Log comes to UART0 at 115200 baudrate. It is quite a chunk of text, 135kbytes to be precise.

The idea is to send it through to PC via USB CDC.

The clock runs at 24MHz, driven by DCO. There's an 8MHz XT2 installed for USB.

Now, the problem is, msp's drowning in incoming data and fails to process all of it. My guess is that UCA0RX interrupt blocks usb api from working correctly, so i thought of possible ways of speeding things up.

DMA seems an obvious solution, but i'm completely new to it, especially when it comes to USB, so i don't see a proper way to actually apply it.

I currently have a non-DMA circle buffer, but it can't keep up with incoming data.

Can someone please provide help/example on how to deal with such a problem or how I can properly use dma on USB API so it actually saves time?

  • Hi Konstantin,

    Are you able to transfer these bytes in different chunks? or are you getting a constant stream? An idea would be to setup some communication to tell the other device to wait a little before sending the next set. You could send a packet in the UART for a pause, then another for go. A GPIO toggle would be another idea, a simple if its on pause. 

    For better speed:

    The DMA would be a good idea for this, an example can be found here MSP430F55xx_dmaa_02.c. I would also suggest reading Section 11 in the User's Guide to get a better understanding of the DMA and how to operate it.

    Use a DMA ping pong to have two buffers so the UART will fill one buffer, then once buffer 1 is filled, USB will retrieve data from buffer 1 and UART can start filling buffer 2.

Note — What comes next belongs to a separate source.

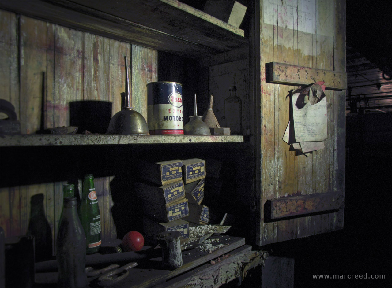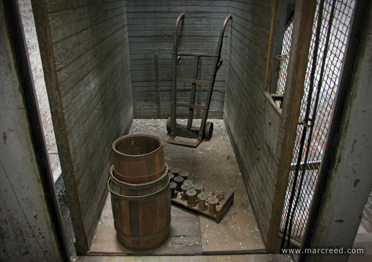 Herb Crawford bought the already vacant property in the mid 1980s with plans to convert it into an office complex, but those plans never materialized. Despite his initial plans for investment, he is keenly aware of the site’s historic significance. He has turned down several profitable offers from scrapping and demolition companies who would love to sell his historic machines for their weight in scrap metal. He has also turned down offers from historic preservation groups who he says typically “offer too little and expect too much”. About a year ago, word of Herb’s mill reached photography student Matthew Christopher who managed to convince him that there was money to be made from allowing photography tours. So for now, Herb allows photography groups, and proceeds go toward the immediate need to repair the roof. But Herb is in his mid-seventies and has held onto this property for nearly 30 years. The money from the photo groups may amount to enough to fix the leaky roof, but the future of this historic and unlikely place remains uncertain.

    The UART will be the bottleneck here as the USB module runs faster than the UART. Since there is 8KB of SRAM on the part I would use about half of it on this operation, which would mean each buffer is 2KB in size. It will take some testing to fine tune it to your system requirements but hopefully this was helpful to get an idea.

    Regards,

    Luke

  • I made this (but based on my own USB stack, not TI source) and found that DMA can't speed things up. At the end, device (MSP430F550X) running on 24 MHz MCLK was able to  do dual CDC bridge (one way only, not full duplex) transfer at 4 Mbps (without using DMA).